CPython Grammar: From Beginner to Advanced¶
Overview¶
CPython's grammar is the formal specification of what constitutes valid Python
syntax. Everything from if x: to a complex decorator expression is defined in
a single file — Grammar/python.gram — using a formalism called PEG
(Parsing Expression Grammar). When you write Python code, CPython reads that
file's compiled output to decide whether your source text is valid and how to
turn it into an Abstract Syntax Tree (AST).

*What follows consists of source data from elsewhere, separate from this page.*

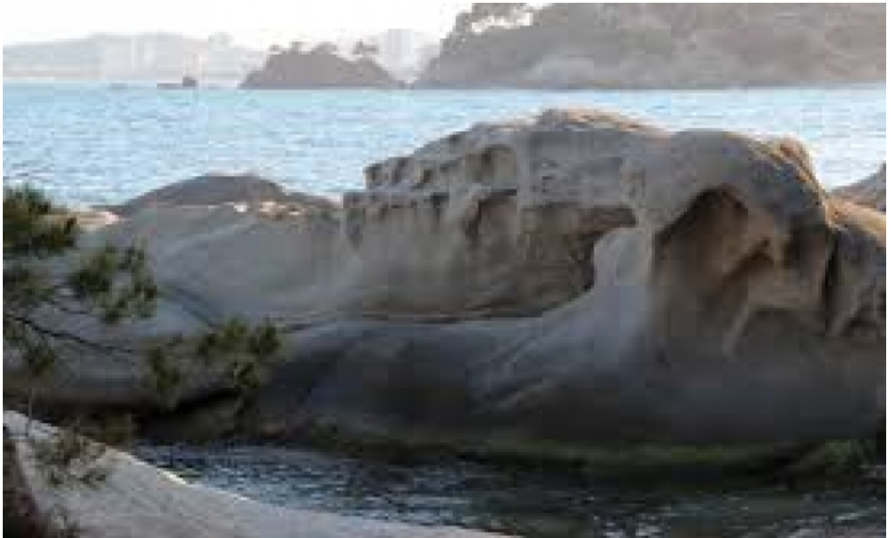
Sant Antoni de Calonge beach, Wikimedia.

Housing is increasingly becoming a huge problem for big cities and urban areas in general. In this sense, Barcelona is no exception to this rule and, even if it is in a much subtler way, neither is Catalonia as a whole.
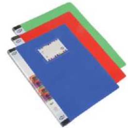
PREMIUM REPORT FILE
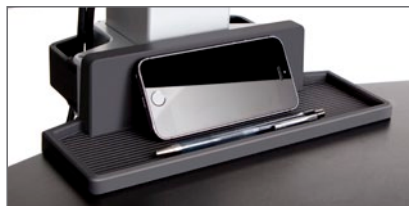
Expansive work surface features a storage tray —keeps items within reach
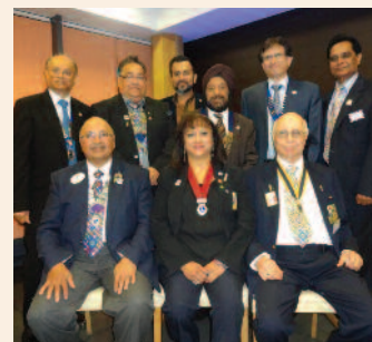
Zone D Presidents

Zone D had an excellent meeting on 22nd September.

This tutorial walks through the entire pipeline, from the grammar file itself to the C code that drives the parser at runtime.
flowchart TD
A["`**Grammar/python.gram**`"] -->|pegen — Grammar/pegen/build.py| B
subgraph build["Build time"]
B["`Parser/parser.c
Include/internal/pycore_ast.h`"]
B -->|compilation| C[libpython\nparser embedded in interpreter]
end
subgraph runtime["Runtime"]
D[Source text] --> E[Tokenizer]
E --> F[Parser]
F --> G[AST]
G --> H[Compiler]
H --> I[Bytecode]
end
C --> runtime
Part 1 — Beginner: What is the grammar file?¶
The file: Grammar/python.gram¶
Every Python release ships one authoritative grammar file at
Grammar/python.gram in the CPython source tree. It is written in
PEG (Parsing Expression Grammar) notation using the pegen meta-grammar.
Open it and the first lines you see are:
@header """
#include "Python.h"
#include "pycore_ast.h"
"""
@subheader ""
@trailer """
...
"""
start[mod_ty]: a=statements NEWLINE* ENDMARKER { _PyAST_Module(a, NULL, p->arena) }
The annotations in curly braces ({ ... }) are C action code — they specify
what AST node to build when that rule matches.
Key vocabulary¶
| Term | Meaning |
|---|---|
| Rule | A named grammar production, e.g. if_stmt |
| Alternative | One of several ` |
| Action | The C expression in { } that produces an AST node |
| Token | An atomic input unit produced by the tokenizer (NAME, NUMBER, NEWLINE, etc.) |
Cut (~) |
Commits the parser to the current alternative; disables backtracking |
The simplest rule¶
Reading this: if the parser sees the literal token pass, it matches
pass_stmt and builds a Pass AST node. EXTRA is a macro that expands to
source location arguments.
Part 2 — Beginner: The tokenizer feeds the parser¶
The grammar does not operate on raw characters. CPython first runs the
source text through a tokenizer (Python/tokenize.c / Lib/tokenize.py) that
emits a stream of typed tokens. The grammar rules then match against those
tokens, not characters.
Common token types¶
| Token | Example input |
|---|---|
NAME |
foo, if, True |
NUMBER |
42, 3.14, 0xFF |
STRING |
"hello", b'\x00' |
NEWLINE |
End of a logical line |
INDENT / DEDENT |
Indentation changes |
OP |
+, ->, **= |
ENDMARKER |
End of file |
Keywords such as if, while, and return are NAME tokens that the grammar
matches as literal strings like 'if' — there is no separate keyword token
type.
How to explore tokens yourself¶
import tokenize, io
src = "x = 1 + 2\n"
tokens = tokenize.generate_tokens(io.StringIO(src).readline)
for tok in tokens:
print(tok)
Output:
TokenInfo(type=1 (NAME), string='x', ...)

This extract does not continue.